Without pictures, output exactly the lines running from the line containing "原産国:中国 ※お客様組立商品です。 ※2人以上で組み立てをおこなってください。" to the end of the listing below.

■ Provided material
★ ★ ★ ★

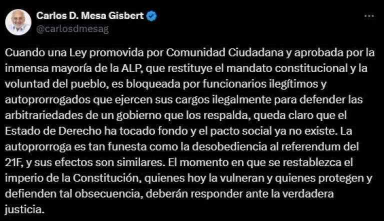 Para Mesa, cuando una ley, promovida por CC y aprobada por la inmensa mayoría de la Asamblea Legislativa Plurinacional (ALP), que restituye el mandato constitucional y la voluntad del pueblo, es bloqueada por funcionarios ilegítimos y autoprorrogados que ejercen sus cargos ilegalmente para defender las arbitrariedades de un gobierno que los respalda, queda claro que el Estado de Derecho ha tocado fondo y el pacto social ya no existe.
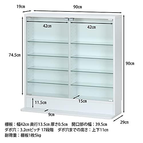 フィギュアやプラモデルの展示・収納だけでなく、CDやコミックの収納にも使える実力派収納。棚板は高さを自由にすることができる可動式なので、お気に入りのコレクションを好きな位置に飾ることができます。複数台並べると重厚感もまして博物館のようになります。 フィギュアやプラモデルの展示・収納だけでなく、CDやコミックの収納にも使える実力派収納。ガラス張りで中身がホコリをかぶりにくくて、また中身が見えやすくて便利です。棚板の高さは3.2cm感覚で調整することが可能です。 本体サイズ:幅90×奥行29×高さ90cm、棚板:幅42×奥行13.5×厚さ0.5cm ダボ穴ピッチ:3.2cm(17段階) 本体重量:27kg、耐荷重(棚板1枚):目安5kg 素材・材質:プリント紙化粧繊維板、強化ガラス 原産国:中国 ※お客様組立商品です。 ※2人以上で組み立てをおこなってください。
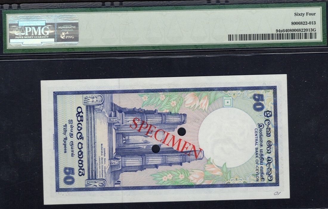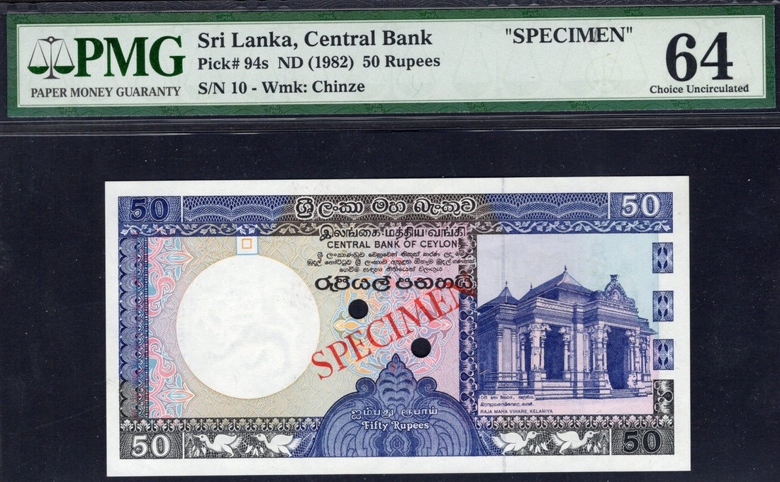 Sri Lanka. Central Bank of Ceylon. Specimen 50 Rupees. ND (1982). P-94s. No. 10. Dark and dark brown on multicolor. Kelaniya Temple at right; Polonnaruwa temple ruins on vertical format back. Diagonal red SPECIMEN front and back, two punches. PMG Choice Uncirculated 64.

★ ★ ★ ★

■ Answer below
 フィギュアやプラモデルの展示・収納だけでなく、CDやコミックの収納にも使える実力派収納。棚板は高さを自由にすることができる可動式なので、お気に入りのコレクションを好きな位置に飾ることができます。複数台並べると重厚感もまして博物館のようになります。 フィギュアやプラモデルの展示・収納だけでなく、CDやコミックの収納にも使える実力派収納。ガラス張りで中身がホコリをかぶりにくくて、また中身が見えやすくて便利です。棚板の高さは3.2cm感覚で調整することが可能です。 本体サイズ:幅90×奥行29×高さ90cm、棚板:幅42×奥行13.5×厚さ0.5cm ダボ穴ピッチ:3.2cm(17段階) 本体重量:27kg、耐荷重(棚板1枚):目安5kg 素材・材質:プリント紙化粧繊維板、強化ガラス 原産国:中国 ※お客様組立商品です。 ※2人以上で組み立てをおこなってください。
 Sri Lanka. Central Bank of Ceylon. Specimen 50 Rupees. ND (1982). P-94s. No. 10. Dark and dark brown on multicolor. Kelaniya Temple at right; Polonnaruwa temple ruins on vertical format back. Diagonal red SPECIMEN front and back, two punches. PMG Choice Uncirculated 64.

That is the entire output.